[Saved entries]
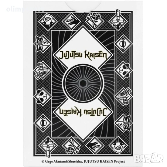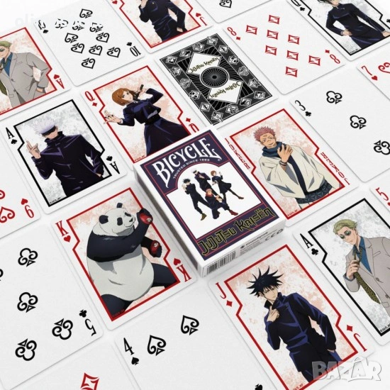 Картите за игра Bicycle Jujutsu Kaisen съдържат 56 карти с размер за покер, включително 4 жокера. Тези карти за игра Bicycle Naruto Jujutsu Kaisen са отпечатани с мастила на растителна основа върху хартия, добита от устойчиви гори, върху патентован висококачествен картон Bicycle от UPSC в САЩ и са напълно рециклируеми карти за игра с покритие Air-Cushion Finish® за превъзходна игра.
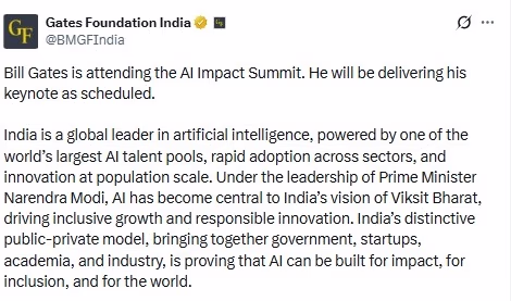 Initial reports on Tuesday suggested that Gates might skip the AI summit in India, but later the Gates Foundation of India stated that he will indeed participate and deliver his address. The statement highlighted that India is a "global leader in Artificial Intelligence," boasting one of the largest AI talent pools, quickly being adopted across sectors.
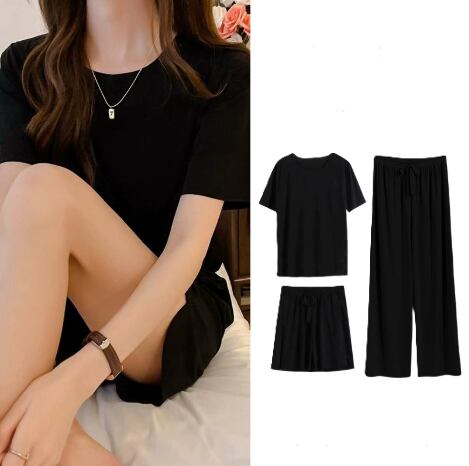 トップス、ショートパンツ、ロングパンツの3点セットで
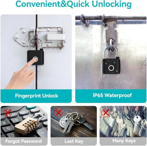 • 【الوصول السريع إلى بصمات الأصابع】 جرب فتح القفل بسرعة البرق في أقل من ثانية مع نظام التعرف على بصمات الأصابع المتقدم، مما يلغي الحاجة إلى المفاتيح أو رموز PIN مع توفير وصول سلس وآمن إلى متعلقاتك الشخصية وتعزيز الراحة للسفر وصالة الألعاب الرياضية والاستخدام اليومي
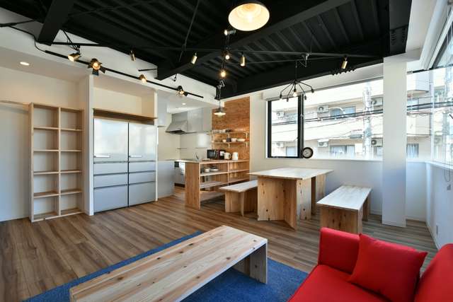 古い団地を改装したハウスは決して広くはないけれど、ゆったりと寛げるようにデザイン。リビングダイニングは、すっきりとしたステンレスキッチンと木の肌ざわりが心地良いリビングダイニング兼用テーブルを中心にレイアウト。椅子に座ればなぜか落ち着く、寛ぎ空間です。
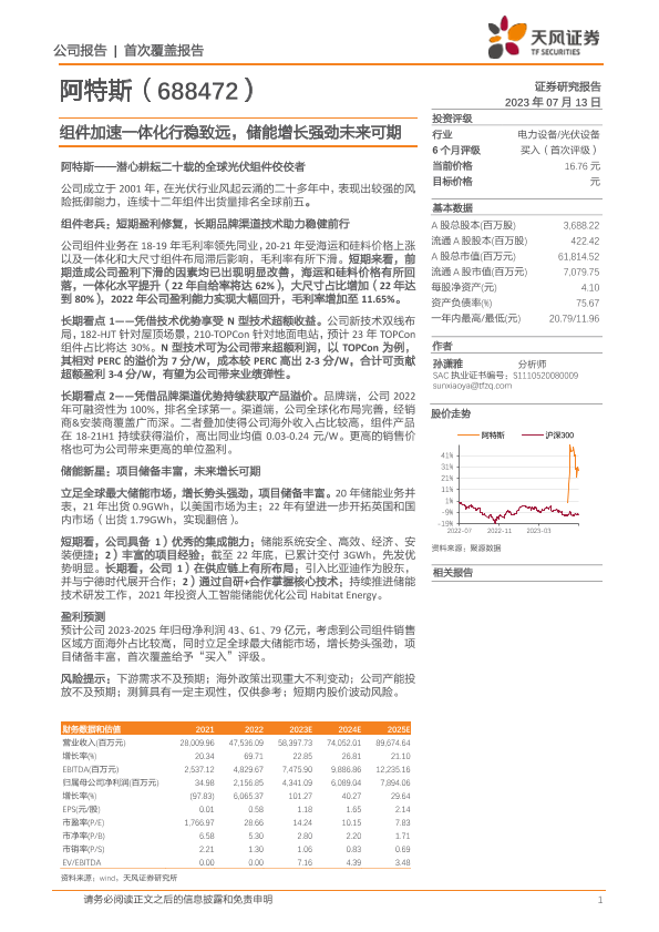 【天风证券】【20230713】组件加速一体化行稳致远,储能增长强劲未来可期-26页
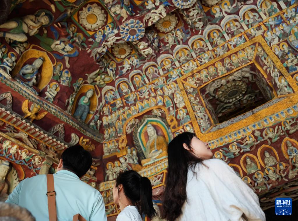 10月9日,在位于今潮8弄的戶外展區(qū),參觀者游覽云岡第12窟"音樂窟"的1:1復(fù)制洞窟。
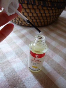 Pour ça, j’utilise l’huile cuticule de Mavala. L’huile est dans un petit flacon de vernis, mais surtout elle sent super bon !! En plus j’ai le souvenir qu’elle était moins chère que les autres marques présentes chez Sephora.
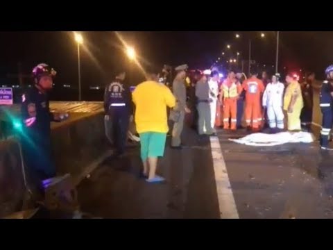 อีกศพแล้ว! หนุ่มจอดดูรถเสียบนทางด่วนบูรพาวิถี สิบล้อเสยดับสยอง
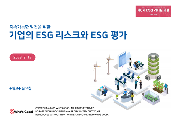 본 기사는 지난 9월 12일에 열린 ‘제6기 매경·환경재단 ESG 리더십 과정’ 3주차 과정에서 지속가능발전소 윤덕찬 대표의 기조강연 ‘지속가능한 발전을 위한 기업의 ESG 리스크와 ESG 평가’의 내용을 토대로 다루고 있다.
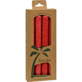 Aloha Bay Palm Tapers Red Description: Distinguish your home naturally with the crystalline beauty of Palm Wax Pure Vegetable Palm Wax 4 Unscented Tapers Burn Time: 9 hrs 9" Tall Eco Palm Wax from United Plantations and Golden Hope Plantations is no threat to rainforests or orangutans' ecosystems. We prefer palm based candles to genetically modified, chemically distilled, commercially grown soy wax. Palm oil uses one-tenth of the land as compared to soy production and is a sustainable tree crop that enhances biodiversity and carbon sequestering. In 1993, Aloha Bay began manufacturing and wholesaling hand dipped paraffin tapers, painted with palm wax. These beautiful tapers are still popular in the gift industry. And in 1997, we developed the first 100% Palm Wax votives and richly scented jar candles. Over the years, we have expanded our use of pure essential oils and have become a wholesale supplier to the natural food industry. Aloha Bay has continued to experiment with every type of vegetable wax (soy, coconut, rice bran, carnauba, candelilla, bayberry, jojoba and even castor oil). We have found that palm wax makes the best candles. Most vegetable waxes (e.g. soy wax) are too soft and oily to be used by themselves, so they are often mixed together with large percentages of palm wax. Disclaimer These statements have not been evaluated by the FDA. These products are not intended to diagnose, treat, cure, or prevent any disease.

TASK ITEM:
The data above must be given back verbatim, minus its images.

RESPONSE FOR THIS EXERCISE:
 Картите за игра Bicycle Jujutsu Kaisen съдържат 56 карти с размер за покер, включително 4 жокера. Тези карти за игра Bicycle Naruto Jujutsu Kaisen са отпечатани с мастила на растителна основа върху хартия, добита от устойчиви гори, върху патентован висококачествен картон Bicycle от UPSC в САЩ и са напълно рециклируеми карти за игра с покритие Air-Cushion Finish® за превъзходна игра.
 Initial reports on Tuesday suggested that Gates might skip the AI summit in India, but later the Gates Foundation of India stated that he will indeed participate and deliver his address. The statement highlighted that India is a "global leader in Artificial Intelligence," boasting one of the largest AI talent pools, quickly being adopted across sectors.
 トップス、ショートパンツ、ロングパンツの3点セットで
 • 【الوصول السريع إلى بصمات الأصابع】 جرب فتح القفل بسرعة البرق في أقل من ثانية مع نظام التعرف على بصمات الأصابع المتقدم، مما يلغي الحاجة إلى المفاتيح أو رموز PIN مع توفير وصول سلس وآمن إلى متعلقاتك الشخصية وتعزيز الراحة للسفر وصالة الألعاب الرياضية والاستخدام اليومي
 古い団地を改装したハウスは決して広くはないけれど、ゆったりと寛げるようにデザイン。リビングダイニングは、すっきりとしたステンレスキッチンと木の肌ざわりが心地良いリビングダイニング兼用テーブルを中心にレイアウト。椅子に座ればなぜか落ち着く、寛ぎ空間です。
 【天风证券】【20230713】组件加速一体化行稳致远,储能增长强劲未来可期-26页
 10月9日,在位于今潮8弄的戶外展區(qū),參觀者游覽云岡第12窟"音樂窟"的1:1復(fù)制洞窟。
 Pour ça, j’utilise l’huile cuticule de Mavala. L’huile est dans un petit flacon de vernis, mais surtout elle sent super bon !! En plus j’ai le souvenir qu’elle était moins chère que les autres marques présentes chez Sephora.
 อีกศพแล้ว! หนุ่มจอดดูรถเสียบนทางด่วนบูรพาวิถี สิบล้อเสยดับสยอง
 본 기사는 지난 9월 12일에 열린 ‘제6기 매경·환경재단 ESG 리더십 과정’ 3주차 과정에서 지속가능발전소 윤덕찬 대표의 기조강연 ‘지속가능한 발전을 위한 기업의 ESG 리스크와 ESG 평가’의 내용을 토대로 다루고 있다.
 Aloha Bay Palm Tapers Red Description: Distinguish your home naturally with the crystalline beauty of Palm Wax Pure Vegetable Palm Wax 4 Unscented Tapers Burn Time: 9 hrs 9" Tall Eco Palm Wax from United Plantations and Golden Hope Plantations is no threat to rainforests or orangutans' ecosystems. We prefer palm based candles to genetically modified, chemically distilled, commercially grown soy wax. Palm oil uses one-tenth of the land as compared to soy production and is a sustainable tree crop that enhances biodiversity and carbon sequestering. In 1993, Aloha Bay began manufacturing and wholesaling hand dipped paraffin tapers, painted with palm wax. These beautiful tapers are still popular in the gift industry. And in 1997, we developed the first 100% Palm Wax votives and richly scented jar candles. Over the years, we have expanded our use of pure essential oils and have become a wholesale supplier to the natural food industry. Aloha Bay has continued to experiment with every type of vegetable wax (soy, coconut, rice bran, carnauba, candelilla, bayberry, jojoba and even castor oil). We have found that palm wax makes the best candles. Most vegetable waxes (e.g. soy wax) are too soft and oily to be used by themselves, so they are often mixed together with large percentages of palm wax. Disclaimer These statements have not been evaluated by the FDA. These products are not intended to diagnose, treat, cure, or prevent any disease.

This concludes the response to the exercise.